### [BRIEF]
The expected answer is the set of lines in the data below between the line holding "Outdoor living is" and the line holding "おしゃべりなイヤリング 10 まる", inclusive, written out exactly.

### [THE DATA]
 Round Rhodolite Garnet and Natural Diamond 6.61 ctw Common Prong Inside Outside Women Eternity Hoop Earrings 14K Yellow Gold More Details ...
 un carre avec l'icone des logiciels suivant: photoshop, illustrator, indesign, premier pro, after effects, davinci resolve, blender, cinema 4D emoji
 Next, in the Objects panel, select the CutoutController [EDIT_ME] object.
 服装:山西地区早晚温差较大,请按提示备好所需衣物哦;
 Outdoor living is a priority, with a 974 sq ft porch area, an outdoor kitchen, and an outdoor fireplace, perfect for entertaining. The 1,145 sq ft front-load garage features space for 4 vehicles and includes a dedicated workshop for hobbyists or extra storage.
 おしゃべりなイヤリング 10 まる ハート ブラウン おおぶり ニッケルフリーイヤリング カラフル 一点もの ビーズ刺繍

==

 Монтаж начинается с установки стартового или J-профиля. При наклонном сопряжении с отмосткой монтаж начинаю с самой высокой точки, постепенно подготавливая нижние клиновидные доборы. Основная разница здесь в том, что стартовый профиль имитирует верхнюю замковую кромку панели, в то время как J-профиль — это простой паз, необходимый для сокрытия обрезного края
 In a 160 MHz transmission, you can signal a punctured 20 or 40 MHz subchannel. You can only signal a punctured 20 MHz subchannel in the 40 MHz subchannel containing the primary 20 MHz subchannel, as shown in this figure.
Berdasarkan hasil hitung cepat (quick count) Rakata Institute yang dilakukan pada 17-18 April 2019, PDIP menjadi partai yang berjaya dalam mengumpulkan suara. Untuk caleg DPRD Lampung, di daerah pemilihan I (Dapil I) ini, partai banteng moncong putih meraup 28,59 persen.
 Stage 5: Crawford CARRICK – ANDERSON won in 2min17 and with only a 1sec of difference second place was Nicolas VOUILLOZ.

### [WRITTEN REPLY]
 Outdoor living is a priority, with a 974 sq ft porch area, an outdoor kitchen, and an outdoor fireplace, perfect for entertaining. The 1,145 sq ft front-load garage features space for 4 vehicles and includes a dedicated workshop for hobbyists or extra storage.
 おしゃべりなイヤリング 10 まる ハート ブラウン おおぶり ニッケルフリーイヤリング カラフル 一点もの ビーズ刺繍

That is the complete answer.